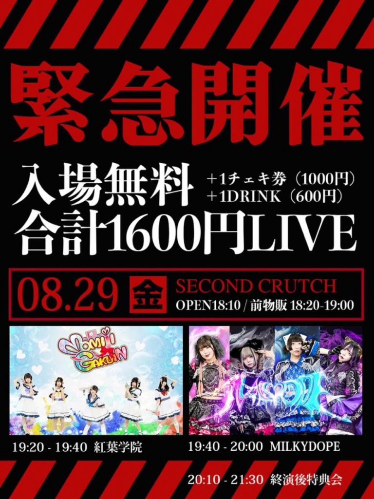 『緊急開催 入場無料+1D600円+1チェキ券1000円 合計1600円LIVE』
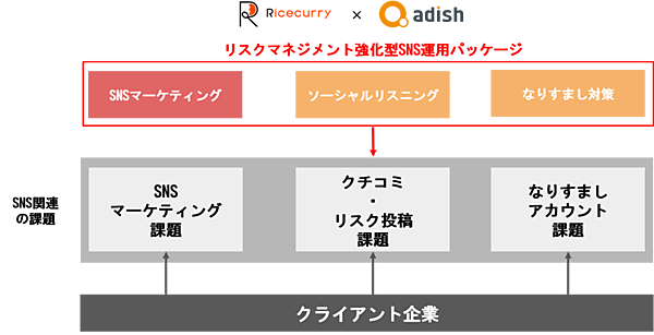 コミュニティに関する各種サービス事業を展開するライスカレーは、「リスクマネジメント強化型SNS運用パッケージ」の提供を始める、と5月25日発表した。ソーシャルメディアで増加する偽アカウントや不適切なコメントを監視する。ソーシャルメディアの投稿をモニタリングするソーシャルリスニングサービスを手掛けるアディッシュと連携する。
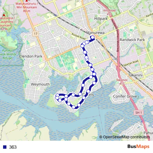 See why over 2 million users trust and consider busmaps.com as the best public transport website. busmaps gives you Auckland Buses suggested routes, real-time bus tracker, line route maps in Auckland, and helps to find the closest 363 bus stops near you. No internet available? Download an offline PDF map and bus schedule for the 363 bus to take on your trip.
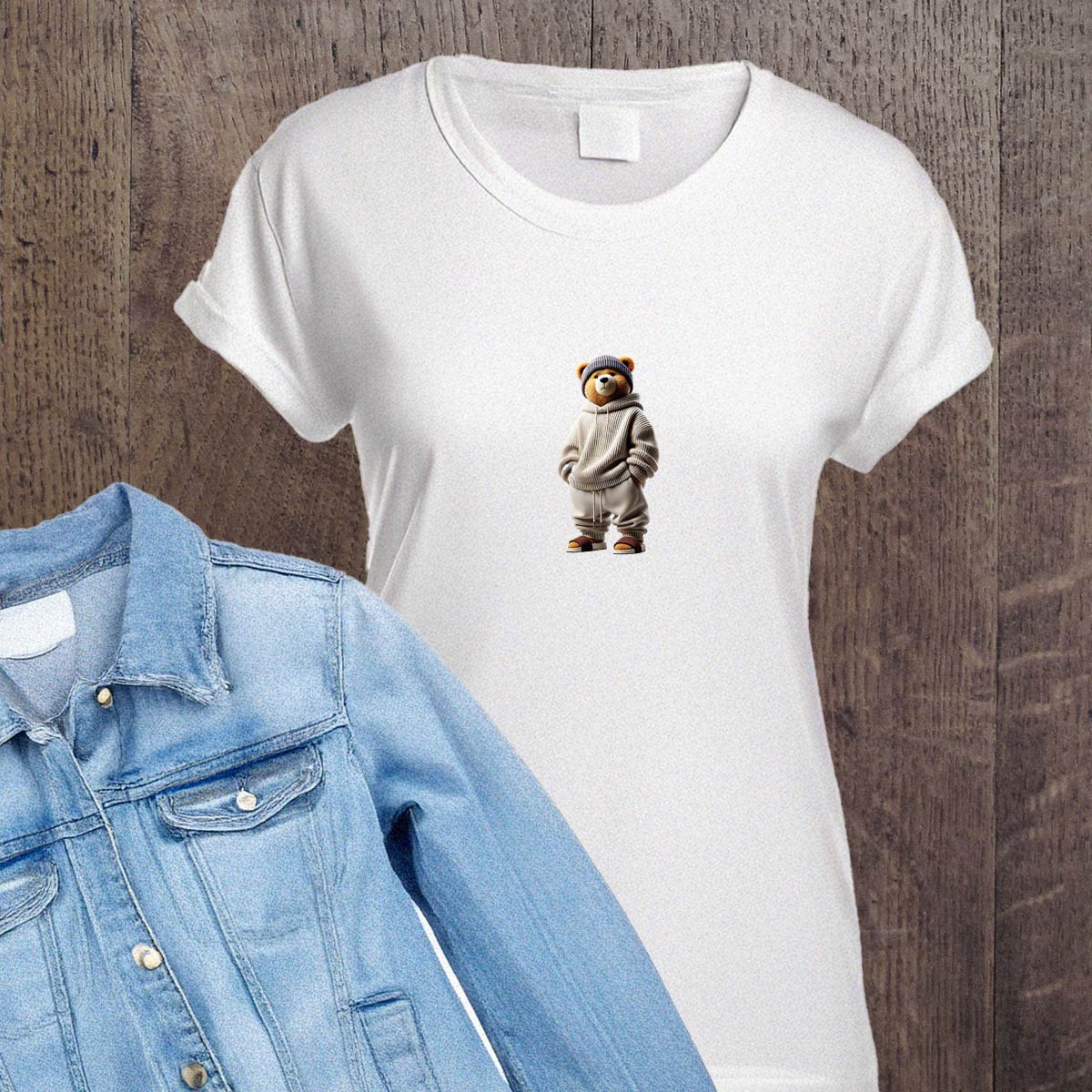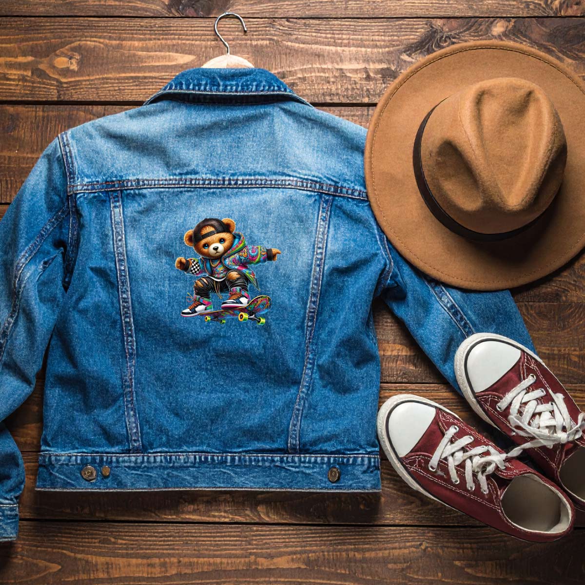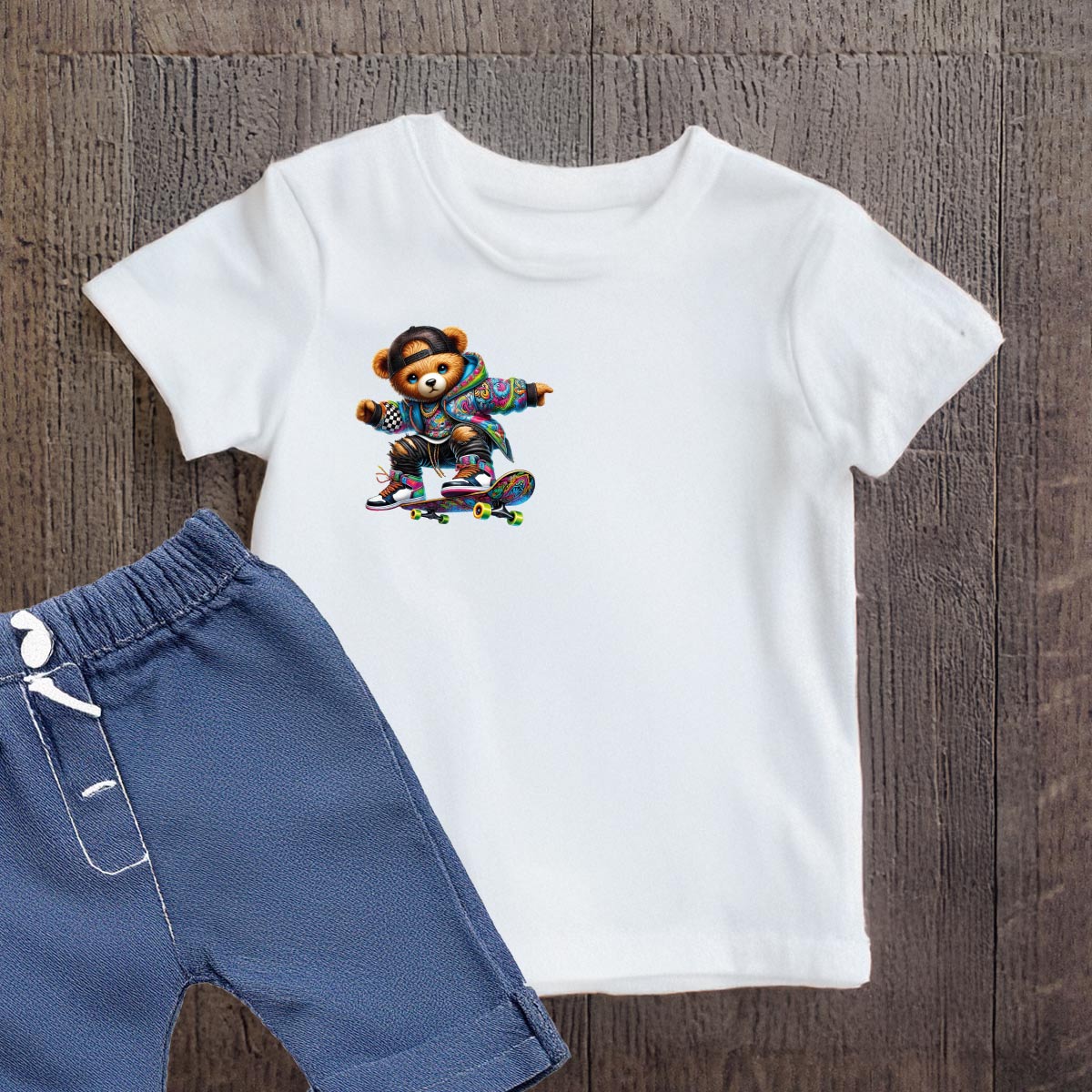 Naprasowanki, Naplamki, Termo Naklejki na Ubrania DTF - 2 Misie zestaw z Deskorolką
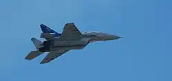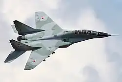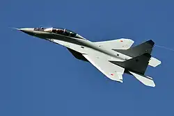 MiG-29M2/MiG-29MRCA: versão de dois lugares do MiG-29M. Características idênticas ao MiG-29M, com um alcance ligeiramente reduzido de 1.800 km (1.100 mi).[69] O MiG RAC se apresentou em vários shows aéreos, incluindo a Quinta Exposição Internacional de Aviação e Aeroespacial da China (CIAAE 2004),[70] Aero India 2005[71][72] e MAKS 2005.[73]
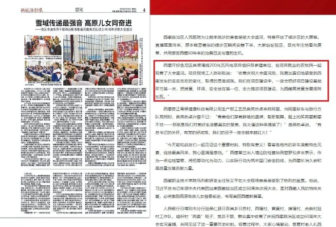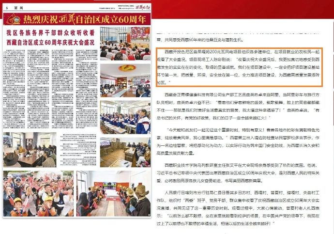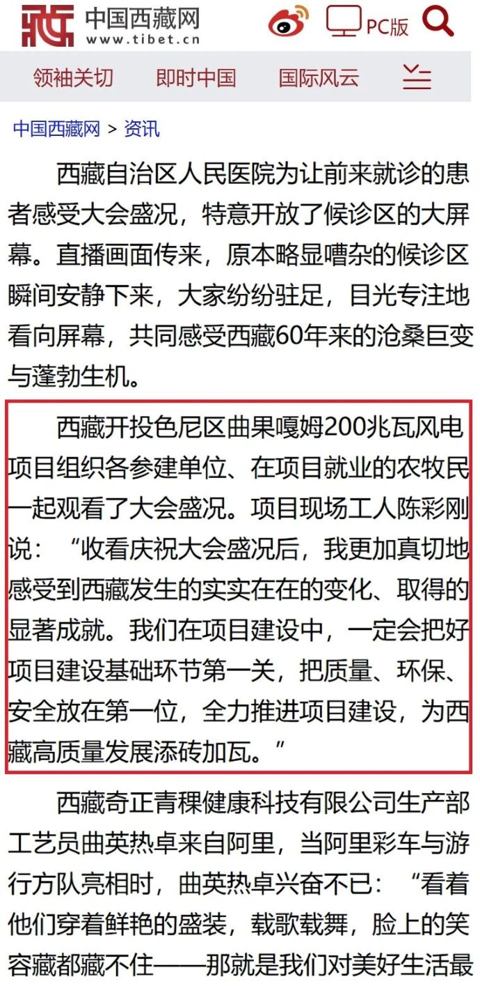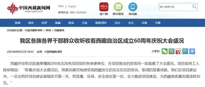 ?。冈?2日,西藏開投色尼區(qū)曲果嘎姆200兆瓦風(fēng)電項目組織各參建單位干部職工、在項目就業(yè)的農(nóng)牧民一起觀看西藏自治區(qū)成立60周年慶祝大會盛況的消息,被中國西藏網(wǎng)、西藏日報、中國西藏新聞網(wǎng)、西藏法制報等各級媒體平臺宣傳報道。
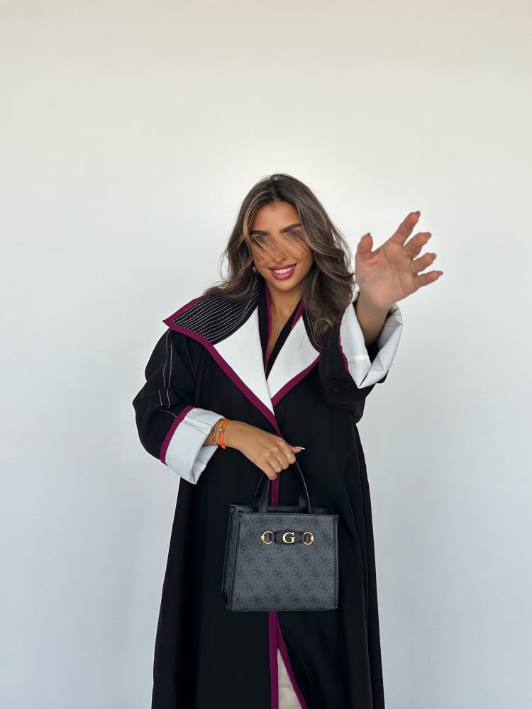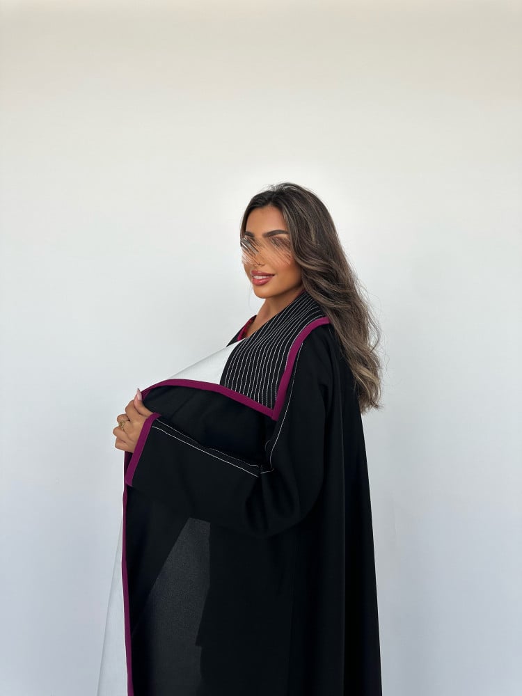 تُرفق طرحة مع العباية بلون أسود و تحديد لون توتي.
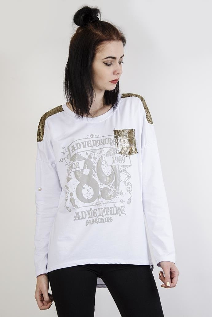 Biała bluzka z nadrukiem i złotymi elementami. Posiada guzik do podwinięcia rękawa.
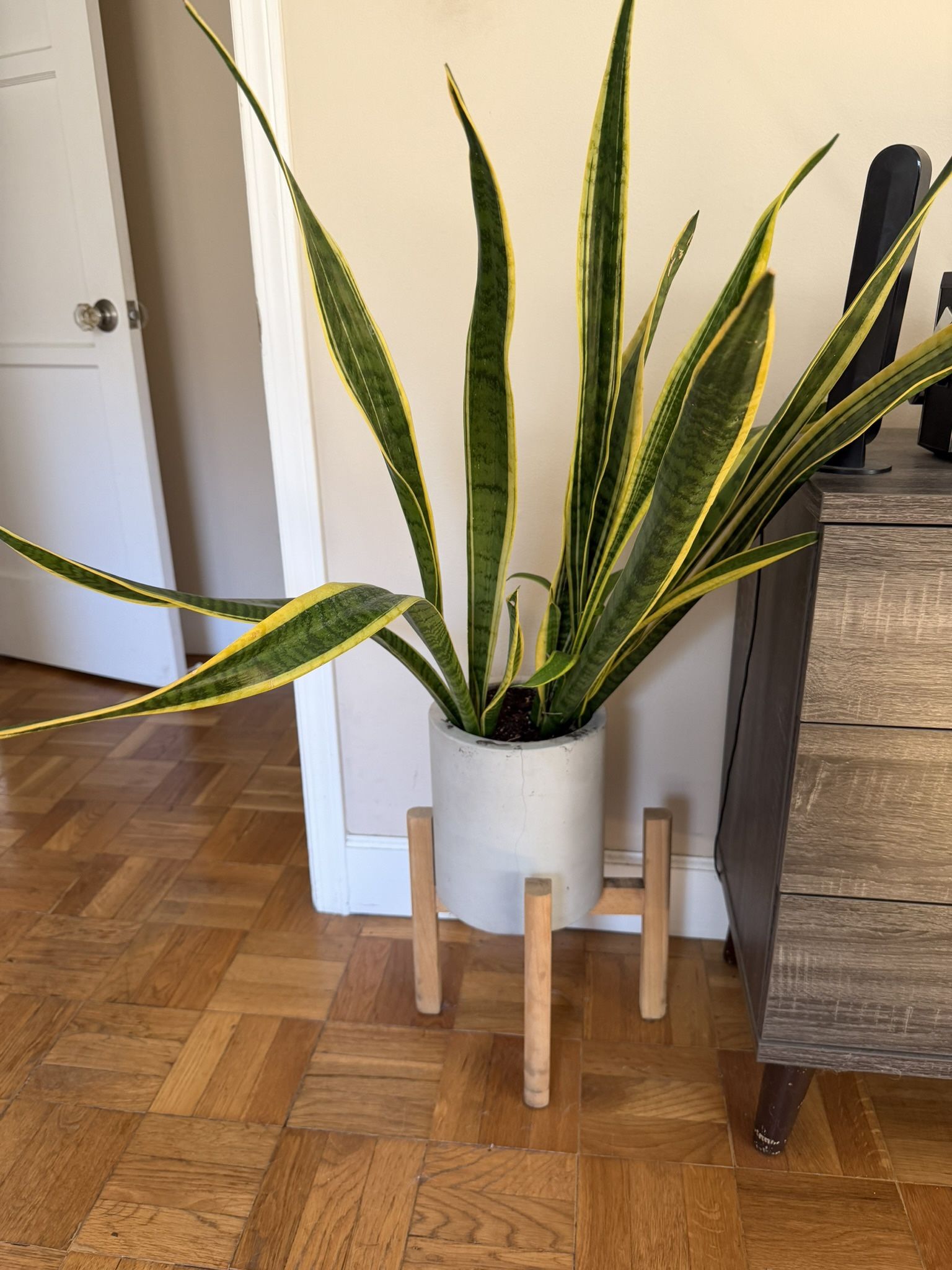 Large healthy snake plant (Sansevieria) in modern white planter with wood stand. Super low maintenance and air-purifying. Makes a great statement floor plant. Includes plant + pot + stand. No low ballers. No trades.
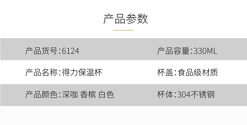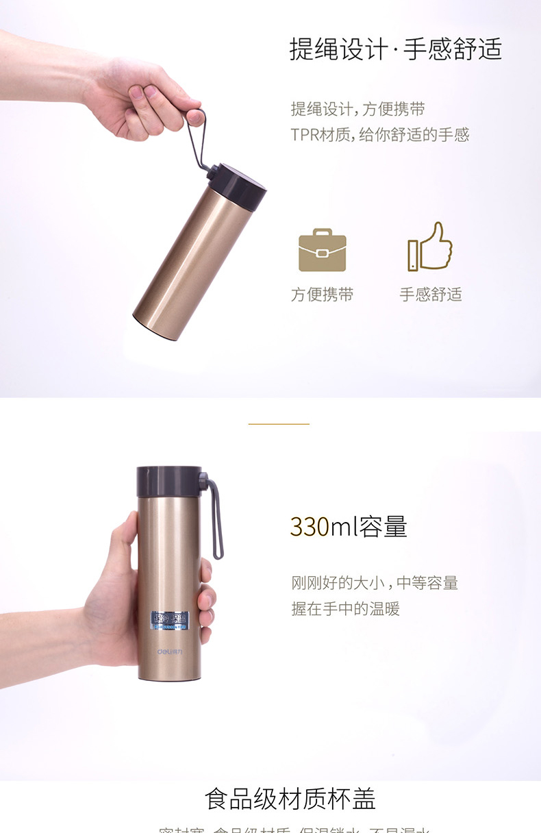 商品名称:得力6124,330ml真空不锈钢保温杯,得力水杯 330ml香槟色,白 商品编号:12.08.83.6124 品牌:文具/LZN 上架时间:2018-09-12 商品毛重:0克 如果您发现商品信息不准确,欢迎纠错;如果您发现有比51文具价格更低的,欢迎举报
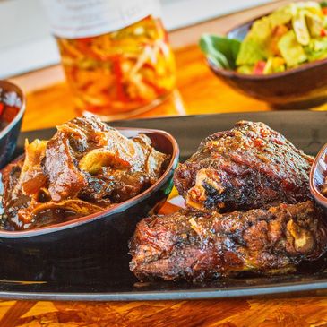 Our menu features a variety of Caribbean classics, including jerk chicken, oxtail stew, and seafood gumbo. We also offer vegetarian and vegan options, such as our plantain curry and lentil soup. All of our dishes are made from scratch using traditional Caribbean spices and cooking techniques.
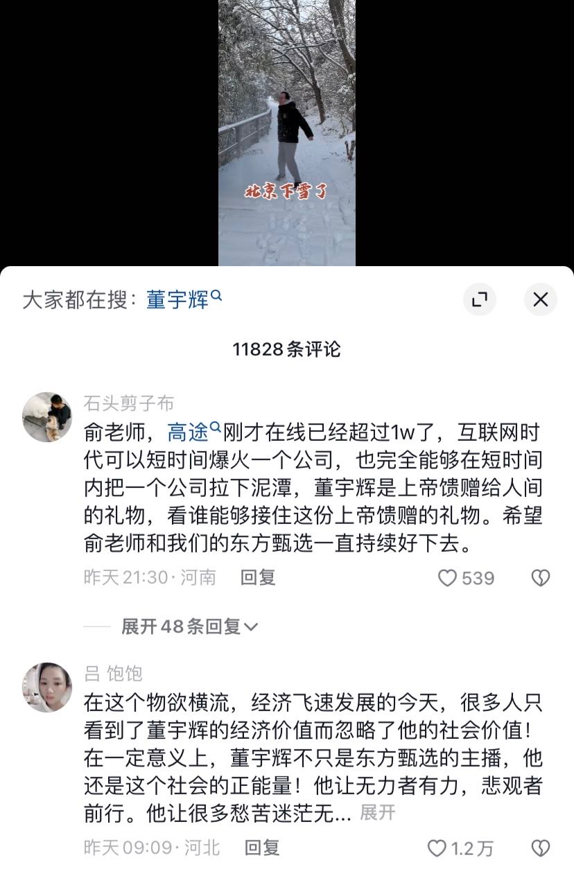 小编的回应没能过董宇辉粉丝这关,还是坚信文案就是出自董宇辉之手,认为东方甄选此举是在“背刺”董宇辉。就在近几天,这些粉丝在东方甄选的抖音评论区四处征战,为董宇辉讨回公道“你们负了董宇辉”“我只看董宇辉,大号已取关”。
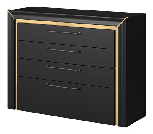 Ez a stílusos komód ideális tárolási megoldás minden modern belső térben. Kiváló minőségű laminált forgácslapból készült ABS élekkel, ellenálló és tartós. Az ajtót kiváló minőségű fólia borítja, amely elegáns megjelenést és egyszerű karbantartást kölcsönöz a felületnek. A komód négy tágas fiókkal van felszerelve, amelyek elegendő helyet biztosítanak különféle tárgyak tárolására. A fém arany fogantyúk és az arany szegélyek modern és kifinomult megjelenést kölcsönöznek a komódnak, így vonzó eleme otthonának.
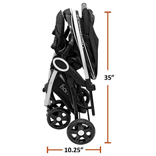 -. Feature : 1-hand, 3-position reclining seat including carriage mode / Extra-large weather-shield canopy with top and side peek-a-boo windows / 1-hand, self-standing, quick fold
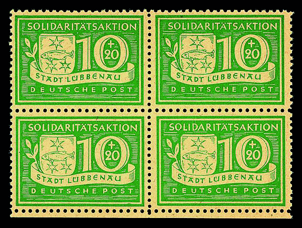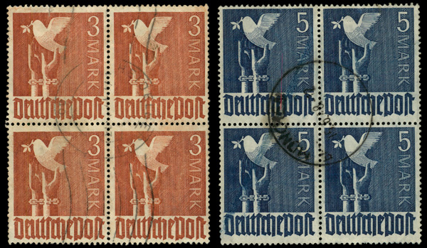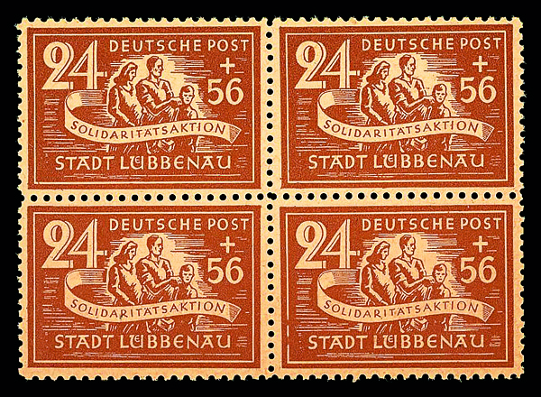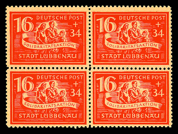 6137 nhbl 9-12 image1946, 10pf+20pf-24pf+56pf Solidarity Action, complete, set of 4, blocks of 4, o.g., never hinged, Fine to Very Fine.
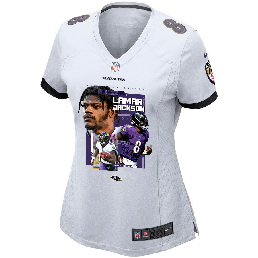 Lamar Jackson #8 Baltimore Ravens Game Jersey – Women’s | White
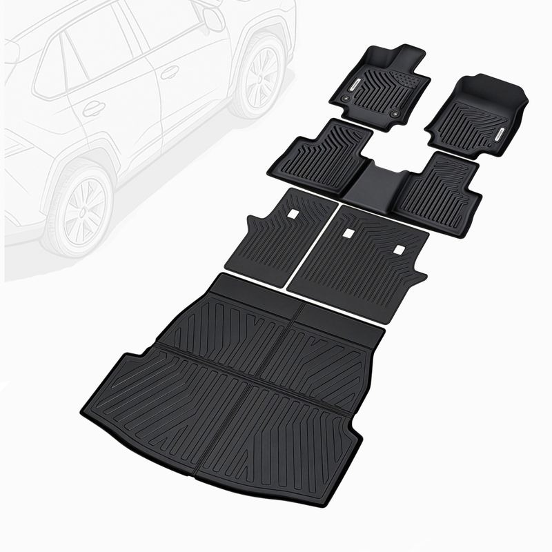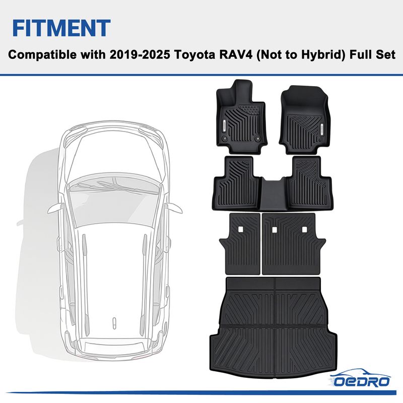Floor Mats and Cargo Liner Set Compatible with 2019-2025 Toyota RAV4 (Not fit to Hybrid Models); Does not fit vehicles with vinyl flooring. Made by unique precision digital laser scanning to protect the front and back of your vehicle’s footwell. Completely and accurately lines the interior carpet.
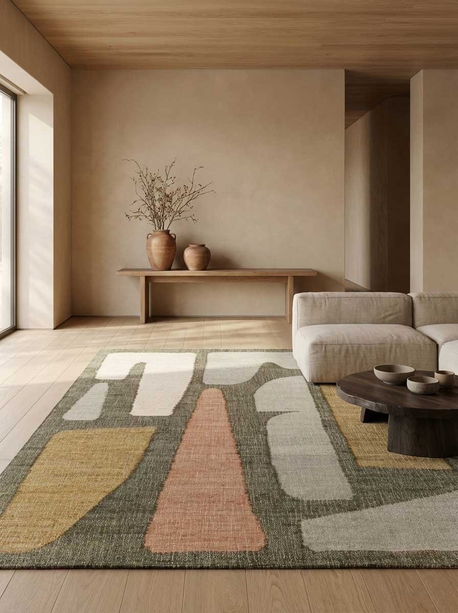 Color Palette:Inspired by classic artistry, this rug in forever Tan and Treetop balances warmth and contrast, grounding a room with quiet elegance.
══════════════════════════════
→ **PROBLEM TO SOLVE**: Given the listing above, retype only the span of lines from the line with "Biała bluzka z" up to and including the line with "商品名称:得力6124,330ml真空不锈钢保温杯,得力水杯 330ml香槟色,白 商品编号:12.08.83.6124", exactly as it stands and without pictures.

→ **ANSWER TO THIS EXERCISE**:
 Biała bluzka z nadrukiem i złotymi elementami. Posiada guzik do podwinięcia rękawa.
 Large healthy snake plant (Sansevieria) in modern white planter with wood stand. Super low maintenance and air-purifying. Makes a great statement floor plant. Includes plant + pot + stand. No low ballers. No trades.
 商品名称:得力6124,330ml真空不锈钢保温杯,得力水杯 330ml香槟色,白 商品编号:12.08.83.6124 品牌:文具/LZN 上架时间:2018-09-12 商品毛重:0克 如果您发现商品信息不准确,欢迎纠错;如果您发现有比51文具价格更低的,欢迎举报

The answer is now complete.